Effect of Regularization in Neural Net Training

Published in

Deep Learning Experiments

14 min readMay 27, 2020

co-authored with Daryl Chang

Welcome to another installment in our Deep Learning Experiments series, where we run experiments to evaluate commonly-held assumptions about training neural networks. Our goal is to better understand the different design choices that affect model training and evaluation. To do so, we come up with questions about each design choice and then run experiments to answer them.

In this article, we seek to better understand the impact of regularization on training neural networks. In particular, we will cover the following:

What is overfitting and why is it bad?
What is regularization and how can it prevent overfitting?
What are different regularization techniques and how they affect model performance?
How to select the right regularization method for a problem?

What is Model Overfitting?

Overfitting is an important aspect of training a machine learning model. It refers to the situation where a model fits too closely to the training data that it even learns the noise in the data as concepts. The noise refers to the randomness in the data which is not representative of its true distribution. This reduces model’s ability to generalize on an unseen or test dataset. Figure 1 shows an example of overfitting where a classification model (leftmost) learnt a complex decision boundary to fit the noise in the data.

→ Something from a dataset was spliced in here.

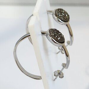 VTG 925 Silver Druzy Hoope Stud Earrings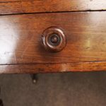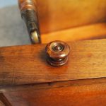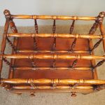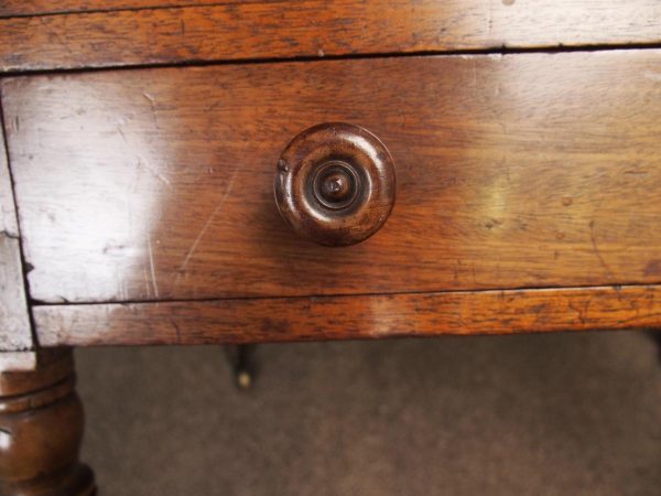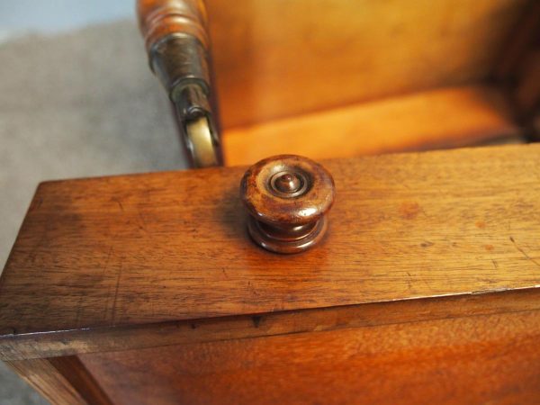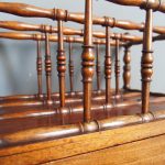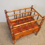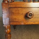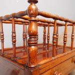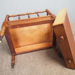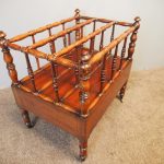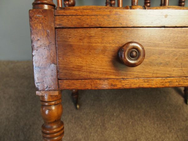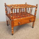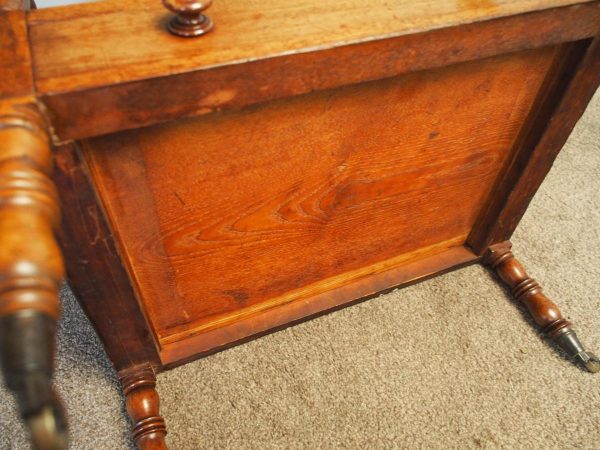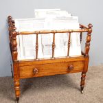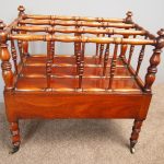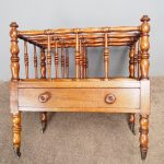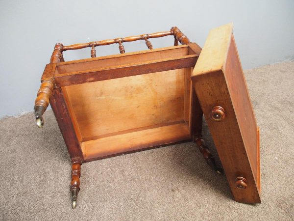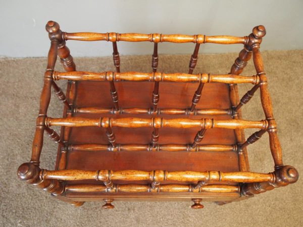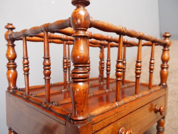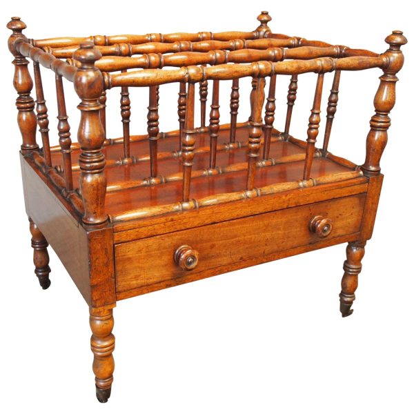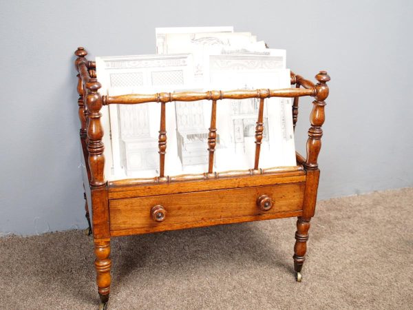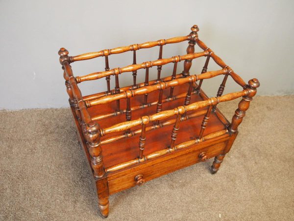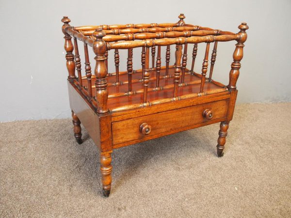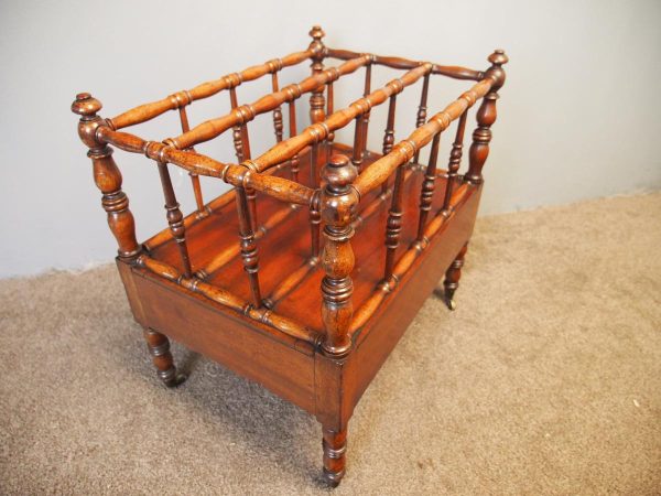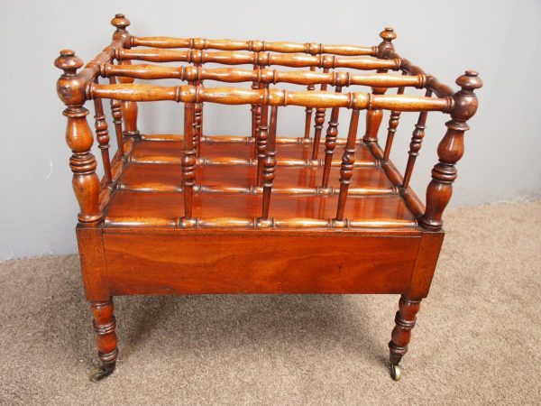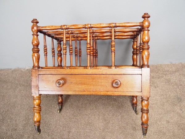 Circa 1830, late George IV mahogany three-division canterbury of traditional shape and form. The divisions separated by turned tops and spindle uprights over a full length drawer with fine carved turned handles, and on tall, turned, tapering legs on brass cups and brass castors.

Figure 1: Illustration of Overfitting, taken from Sachin’s medium post

There are several different ways to prevent overfitting, such as getting more training data, regularization, early stopping, ensembling, etc. In this article, we will talk about how different regularization techniques can help with the overfitting problem.

What is Regularization and how it prevents overfitting?

Regularization refers to the practice of constraining /regularizing the model from learning complex concepts, thereby reducing the risk of overfitting. This can be done by either constraining attributes of the model like weights (L1 or L2 regularization), activations (Drop connect regularization), architecture (Dropout regularization), loss function (Auxiliary Loss), etc.

In this article, we will evaluate following regularization techniques:

Dropout Regularization
L2 Regularization
L1 Regularization

How are the experiments set up?

We will train a neural net using different optimizers and compare their performance. The code for these experiments can be found on Github.

Dataset: we use the Cats and Dogs dataset, which consists of 23,262 images of cats and dogs, split about 50/50 between the two classes. Since the images are differently-sized, we resize them all to the same size. We use 20% of the dataset as validation data (dev set) and the rest as training data.
Evaluation metric: we use the binary cross-entropy loss and accuracy on the validation data as our primary metrics to measure model performance.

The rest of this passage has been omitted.